Ben Roarty

Personal information
- Born: 5 February 1975 (age 51) Sydney, New South Wales, Australia

Playing information
- Height: 186 cm (6 ft 1 in)
- Weight: 106 kg (16 st 10 lb)
- Position: Second-row, Prop
Club
| Years | Team | Pld | T | G | FG | P |
| 1998–01 | Melbourne Storm | 94 | 18 | 0 | 0 | 72 |
| 2002–03 | Penrith Panthers | 32 | 4 | 0 | 0 | 16 |
| 2003–05 | Huddersfield Giants | 57 | 10 | 0 | 0 | 40 |
| 2006 | Castleford Tigers | 17 | 2 | 0 | 0 | 8 |
|  | Total | 200 | 34 | 0 | 0 | 136 |
- Source:

= Ben Roarty =

Australian rugby league footballer

Ben Roarty (born 5 February 1975) is an Australian former professional rugby league footballer who played in the 1990s and 2000s. He played for the Melbourne Storm, Penrith Panthers, Huddersfield Giants and the Castleford Tigers, as a or .

==Early life==
Started playing rugby league with St Christophers Junior Rugby League Club at age five, later playing junior representative games for Canterbury-Bankstown Bulldogs.

==Playing career==
Roarty played reserve grade football for Canterbury-Bankstown Bulldogs, winning the reserve grade player of the year in 1996. While with Canterbury, he was a member of Canterbury's reserve grade premiership team, but missed the grand final due to injury.

Signed by Melbourne Storm, Roarty played in their first game on 14 March 1998, winning against Illawarra Steelers, 14–12. That year he was named the club's rookie of the year.

In 1999, Roarty started on the bench in the 1999 NRL Grand Final between Melbourne and St. George Illawarra Dragons. Roarty scored a try in the match and Melbourne won the game, 20–18.

Seeking a regular first-grade starting position, Roarty joined the Penrith Panthers in 2002 but he was again primarily used as an interchange player. After being offered a place at the Huddersfield Giants in the Super League, Penrith granted Roarty a release and he left the Panthers half-way into their 2003 premiership winning season.
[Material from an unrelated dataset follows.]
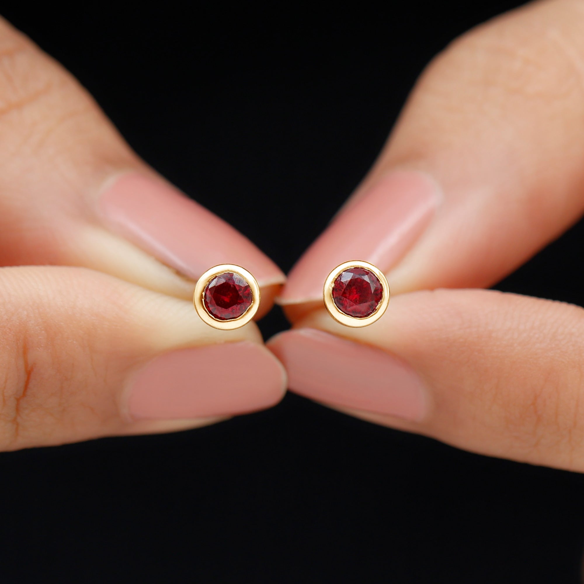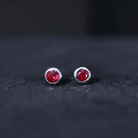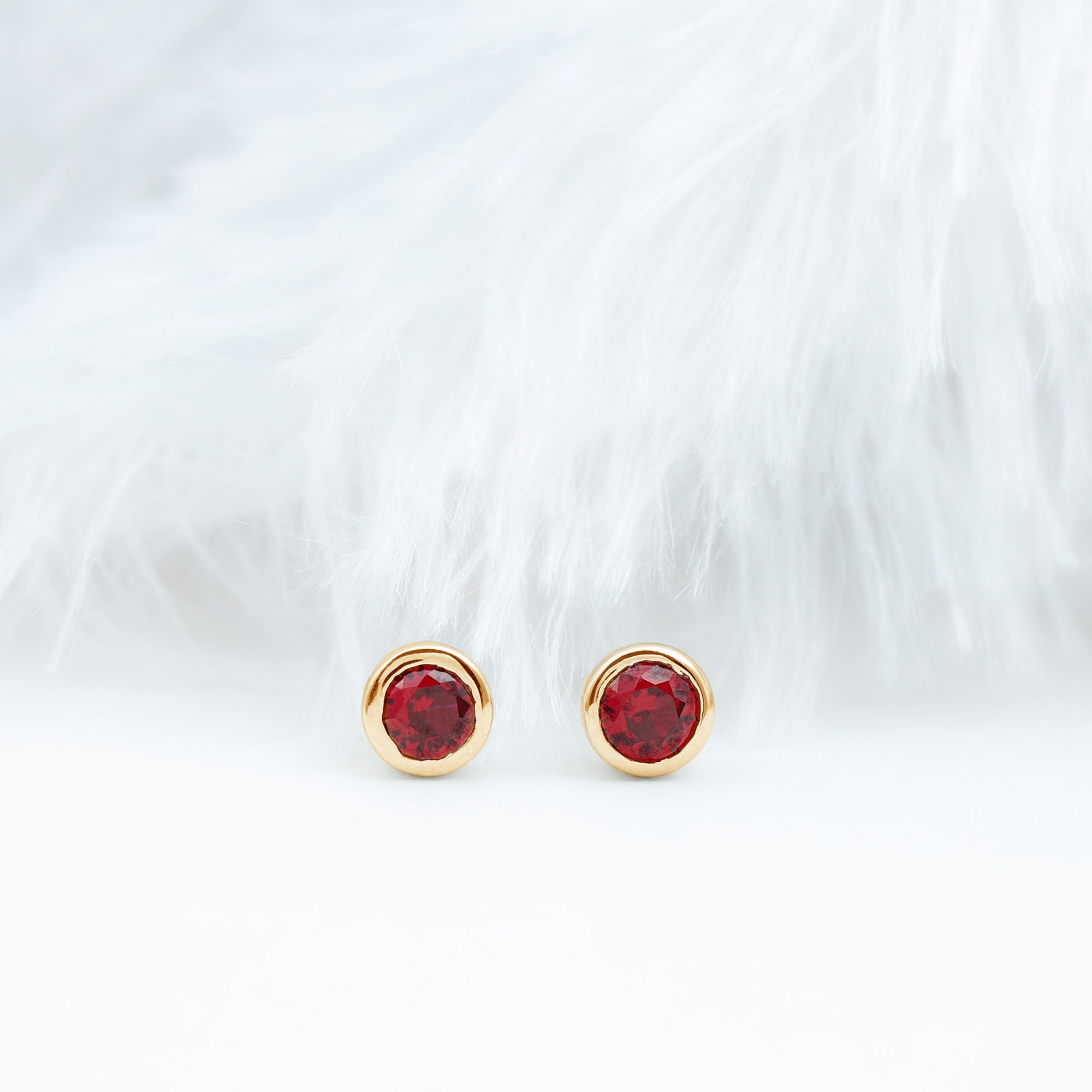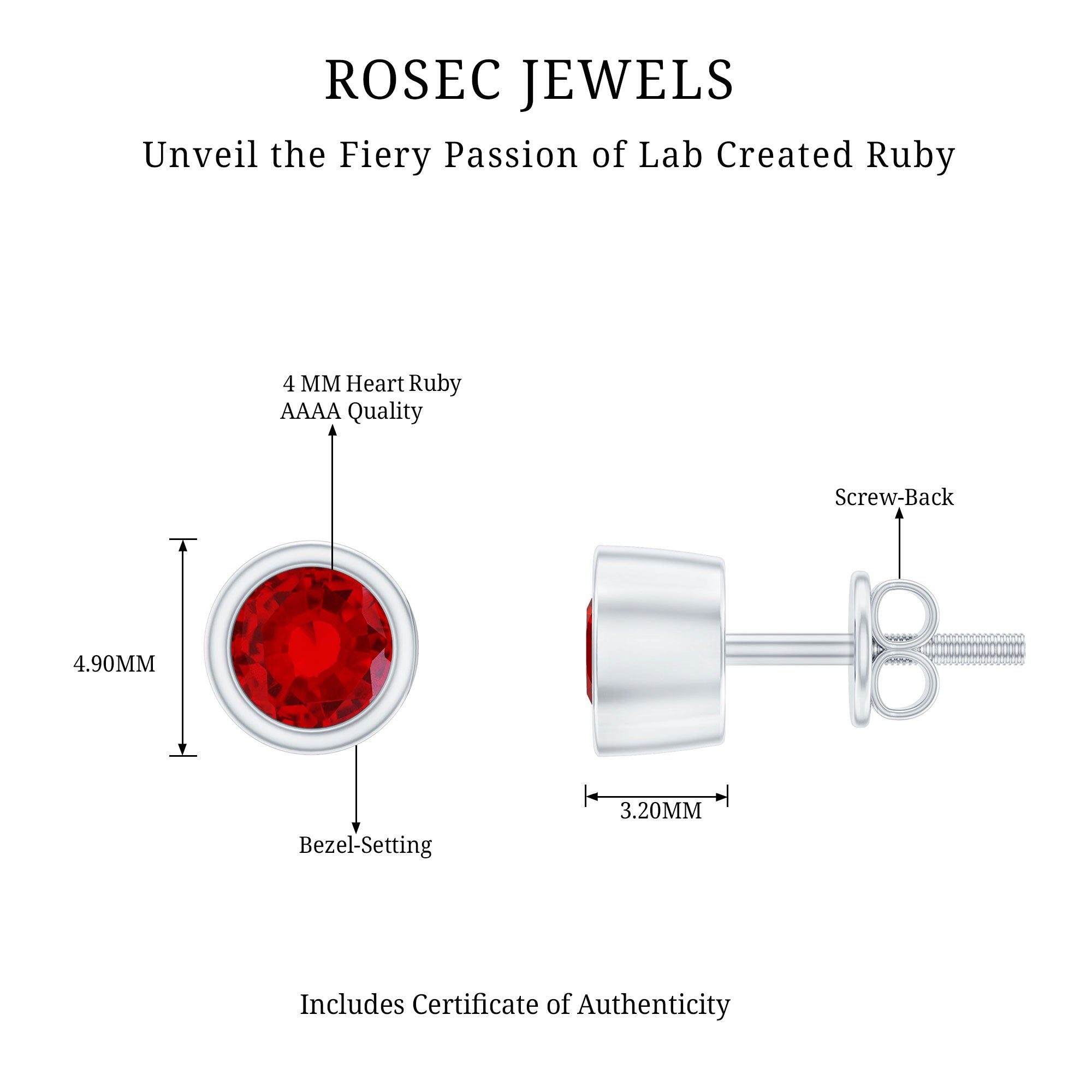 Round Shape lab Grown Ruby Solitaire Stud Earrings in Bezel Setting

In 2007, Roarty became the head coach of the Sunbury United Tigers first-grade team in the Victorian Rugby League competition.

In 2009, Roarty linked up as a player with the Hay Magpies Rugby League Club in Group 20 of the NSW Country Rugby League. He also won a reserve grade premiership with Hay, which was their first ever premiership in any grade since joining Group 20 in 2007.

==Post playing==
Since 2009, he has owned a strawberry farm north of Echuca.

He is the head of Charity organisation Camp 4 Cancer; the biggest donator of Peter Mac institute.